Further out, this bears on how the “AI scientist” goal actually lands. Sutton’s call to arms is to share goals with AI so it can create, evaluate, discover, and so fully participate in reaching them. The engineering translation is that the bottleneck for automating discovery is not generation but whether you can define, for a domain, a clear enough goal and a cheap enough evaluation. Math and code fell first precisely because their evaluation is nearly free (proofs check, code runs). Domains where evaluation is expensive or fuzzy, most of the natural sciences, are still stuck here.

What to ignore

Ignore both “he is credentialed so he must be right” and “he is old so he is just doom-mongering,” both of which showed up on HN (someone trotted out Dyson’s barb at Wolfram, others rushed to defend by seniority). Sutton is a founder of reinforcement learning, which makes his framework worth taking seriously, but it does not exempt any single conclusion from scrutiny; conversely, dismissing a concrete technical argument by age or stature is its own laziness. The nourishing parts of this thread are the specific disputes about pass@k and in-distribution versus out-of-distribution, not the meta-fight over whether to respect authority.

Ignore the over-inference that “he contradicts himself, so the whole thing is wrong.” Listing Claude-Code among discoveries does collide with his opening line, and it is a genuine flaw. But the flaw points straight at the part of his argument that is right: he instinctively concedes that closed-loop generative systems can discover. Seizing the contradiction to reject the whole talk throws out the solid core with it. The correct reading is to tighten the conclusion he left loose, not to call him wholly wrong because he left it loose.

Finally, ignore the reduction of this debate to a binary “are LLMs good enough or not.” The real question was never whether the LLM component is good enough; it is what kind of system you intend to put it in and what evaluation and search you pair it with. Sutton is arguing about system architecture, and the sharpest people on HN are arguing about system architecture. Staying at the “pro-LLM versus anti-LLM” level means you missed what both sides are saying.

FAQ

Why does AlphaGo's move 37 count as discovery while an LLM writing code does not?

In Sutton's framework the difference is not who is smarter but whether there is a hard evaluation independent of the model itself. AlphaGo has the win/loss outcome of Go as an objective judge; the quality of a move is not decided by imitating human game records. A bare LLM at inference has no such judge and can only sample from its training distribution. But the line is blurry: once an LLM's code is wired to a compiler and tests, it gains the same hard evaluation, and Sutton himself lists Claude-Code among the systems that make genuine discoveries.

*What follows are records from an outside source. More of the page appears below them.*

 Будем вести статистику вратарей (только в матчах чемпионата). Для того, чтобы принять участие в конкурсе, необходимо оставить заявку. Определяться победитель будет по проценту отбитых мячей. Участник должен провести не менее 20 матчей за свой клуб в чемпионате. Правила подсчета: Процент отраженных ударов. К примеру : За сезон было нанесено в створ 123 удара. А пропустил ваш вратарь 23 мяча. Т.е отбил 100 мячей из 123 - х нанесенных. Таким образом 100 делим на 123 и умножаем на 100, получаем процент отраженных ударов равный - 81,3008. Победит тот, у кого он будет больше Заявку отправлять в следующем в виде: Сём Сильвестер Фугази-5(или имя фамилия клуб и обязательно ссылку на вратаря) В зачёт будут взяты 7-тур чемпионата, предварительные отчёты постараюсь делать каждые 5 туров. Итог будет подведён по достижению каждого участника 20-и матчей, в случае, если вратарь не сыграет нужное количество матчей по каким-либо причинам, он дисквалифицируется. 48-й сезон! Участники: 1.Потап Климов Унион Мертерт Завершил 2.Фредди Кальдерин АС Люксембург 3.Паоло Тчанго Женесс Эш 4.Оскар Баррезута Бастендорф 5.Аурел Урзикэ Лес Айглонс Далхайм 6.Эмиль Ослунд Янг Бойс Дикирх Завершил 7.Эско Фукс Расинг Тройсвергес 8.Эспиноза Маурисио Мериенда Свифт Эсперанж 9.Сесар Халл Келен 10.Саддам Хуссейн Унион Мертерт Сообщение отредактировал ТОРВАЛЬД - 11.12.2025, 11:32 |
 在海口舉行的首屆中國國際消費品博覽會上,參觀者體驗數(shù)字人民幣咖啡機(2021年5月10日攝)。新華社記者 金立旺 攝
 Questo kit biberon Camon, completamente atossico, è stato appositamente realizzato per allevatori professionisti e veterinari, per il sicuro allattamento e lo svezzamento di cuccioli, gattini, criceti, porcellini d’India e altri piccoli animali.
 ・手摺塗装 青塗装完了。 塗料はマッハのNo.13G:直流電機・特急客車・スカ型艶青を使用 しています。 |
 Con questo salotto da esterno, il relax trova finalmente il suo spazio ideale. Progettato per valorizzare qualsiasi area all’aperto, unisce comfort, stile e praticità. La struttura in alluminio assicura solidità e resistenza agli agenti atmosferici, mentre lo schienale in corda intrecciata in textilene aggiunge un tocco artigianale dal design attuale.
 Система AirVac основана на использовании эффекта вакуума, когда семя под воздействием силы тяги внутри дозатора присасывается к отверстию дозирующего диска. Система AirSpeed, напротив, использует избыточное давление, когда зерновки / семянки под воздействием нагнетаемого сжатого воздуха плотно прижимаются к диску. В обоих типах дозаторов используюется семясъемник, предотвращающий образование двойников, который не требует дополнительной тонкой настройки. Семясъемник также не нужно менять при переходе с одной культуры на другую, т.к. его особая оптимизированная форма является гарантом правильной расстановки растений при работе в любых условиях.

Can RLVR let a model explore solutions outside its base distribution?

The evidence points to no. Reinforcement learning with verifiable rewards mostly pushes already-present, lower-probability trajectories toward the top of the base policy's distribution, improving maj@k and pass@1 but doing little for pass@k at high k. It sharpens an existing distribution rather than opening new territory. A trajectory with near-zero probability under the original model must be sampled before it can be rewarded, and RLVR rarely samples it. Crossing that ceiling takes external search such as MCTS or evolutionary search.

Is this the same point as Sutton's famous bitter lesson?

It is an extension of the same thread. The bitter lesson says general methods that scale with compute (search and learning) beat hand-coded human knowledge over time. Here he aims at generative AI: imitating human corpora is a way of baking human knowledge in, missing the step of searching from experience and goals. Both say the same thing, that real progress comes from search through interaction with the world, not from digesting an existing corpus.

Sources

No official primary source available; this analysis is based on reliable secondary reporting (named outlets, cross-confirmed).